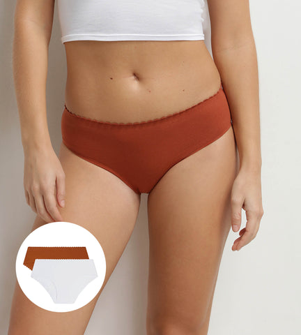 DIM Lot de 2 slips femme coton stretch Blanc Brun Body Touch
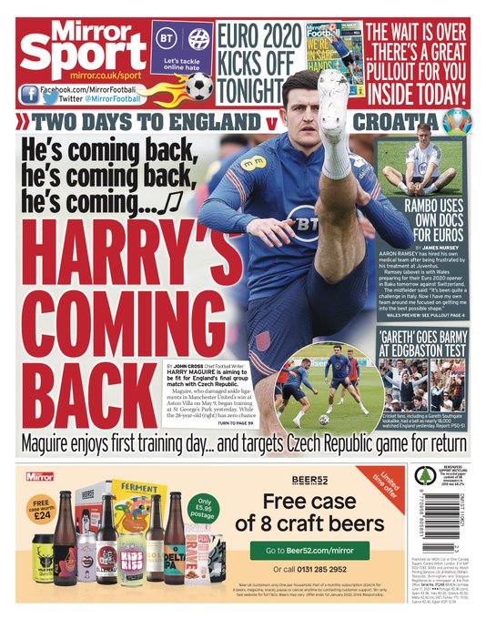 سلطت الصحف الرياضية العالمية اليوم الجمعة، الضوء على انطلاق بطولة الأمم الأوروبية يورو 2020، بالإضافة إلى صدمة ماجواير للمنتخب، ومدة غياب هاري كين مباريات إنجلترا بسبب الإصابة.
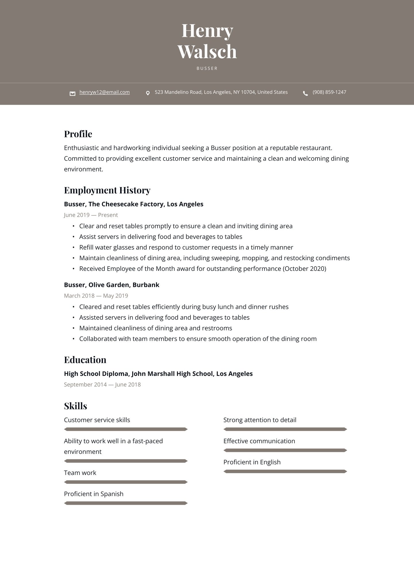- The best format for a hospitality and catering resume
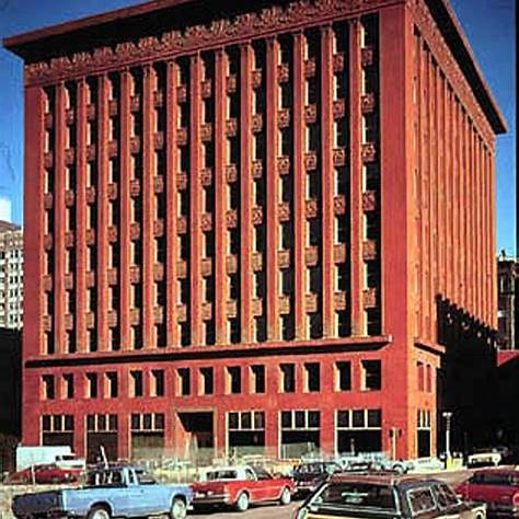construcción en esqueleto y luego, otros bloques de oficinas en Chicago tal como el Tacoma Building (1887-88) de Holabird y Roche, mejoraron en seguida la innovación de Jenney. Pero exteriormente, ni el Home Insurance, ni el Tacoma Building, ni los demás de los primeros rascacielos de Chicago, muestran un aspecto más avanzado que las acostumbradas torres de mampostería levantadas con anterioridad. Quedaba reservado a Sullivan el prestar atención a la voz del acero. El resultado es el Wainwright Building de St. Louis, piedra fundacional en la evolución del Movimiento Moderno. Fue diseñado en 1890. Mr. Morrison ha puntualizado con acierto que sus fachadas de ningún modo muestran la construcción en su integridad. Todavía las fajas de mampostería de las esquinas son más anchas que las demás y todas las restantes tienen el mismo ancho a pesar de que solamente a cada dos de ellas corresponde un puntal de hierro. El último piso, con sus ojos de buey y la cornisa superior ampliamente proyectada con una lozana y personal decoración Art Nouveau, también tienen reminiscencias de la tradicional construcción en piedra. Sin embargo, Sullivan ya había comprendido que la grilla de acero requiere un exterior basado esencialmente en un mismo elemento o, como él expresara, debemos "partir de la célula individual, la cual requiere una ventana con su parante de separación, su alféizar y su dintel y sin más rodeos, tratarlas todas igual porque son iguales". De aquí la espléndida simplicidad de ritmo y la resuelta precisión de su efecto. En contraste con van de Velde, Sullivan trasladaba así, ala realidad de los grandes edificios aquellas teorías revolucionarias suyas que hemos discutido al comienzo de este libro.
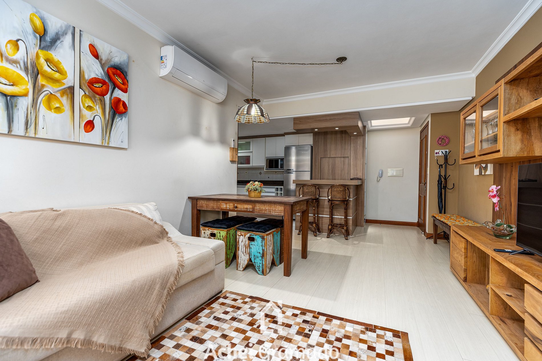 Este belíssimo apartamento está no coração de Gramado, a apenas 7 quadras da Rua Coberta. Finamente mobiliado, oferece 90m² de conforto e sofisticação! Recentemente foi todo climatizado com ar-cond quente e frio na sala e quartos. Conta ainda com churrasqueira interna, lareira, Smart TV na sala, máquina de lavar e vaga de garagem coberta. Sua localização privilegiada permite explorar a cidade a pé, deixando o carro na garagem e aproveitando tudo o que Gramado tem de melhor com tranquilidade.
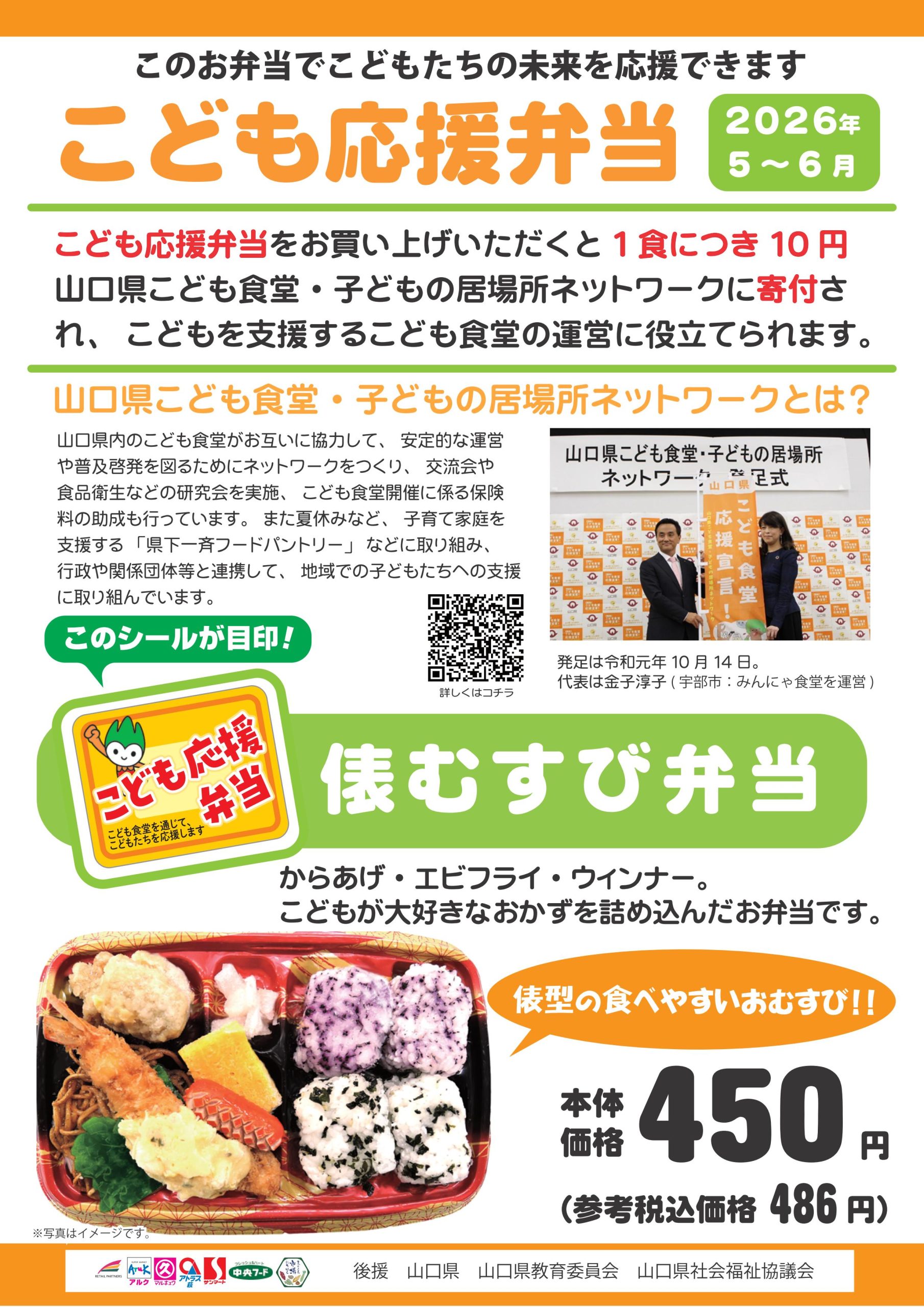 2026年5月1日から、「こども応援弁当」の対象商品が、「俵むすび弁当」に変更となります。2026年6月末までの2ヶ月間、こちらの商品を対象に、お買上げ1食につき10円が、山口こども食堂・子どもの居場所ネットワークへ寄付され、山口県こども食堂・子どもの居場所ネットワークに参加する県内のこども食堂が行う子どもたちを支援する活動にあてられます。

────────────────────────────────────────

* [WHAT THE TASK REQUIRES]: The lines to be quoted run from the line containing "Este belíssimo apartamento" through the end of the entries above, both included; quote them exactly and leave out any pictures.

* [ANSWER FOR THE TASK]:
 Este belíssimo apartamento está no coração de Gramado, a apenas 7 quadras da Rua Coberta. Finamente mobiliado, oferece 90m² de conforto e sofisticação! Recentemente foi todo climatizado com ar-cond quente e frio na sala e quartos. Conta ainda com churrasqueira interna, lareira, Smart TV na sala, máquina de lavar e vaga de garagem coberta. Sua localização privilegiada permite explorar a cidade a pé, deixando o carro na garagem e aproveitando tudo o que Gramado tem de melhor com tranquilidade.
 2026年5月1日から、「こども応援弁当」の対象商品が、「俵むすび弁当」に変更となります。2026年6月末までの2ヶ月間、こちらの商品を対象に、お買上げ1食につき10円が、山口こども食堂・子どもの居場所ネットワークへ寄付され、山口県こども食堂・子どもの居場所ネットワークに参加する県内のこども食堂が行う子どもたちを支援する活動にあてられます。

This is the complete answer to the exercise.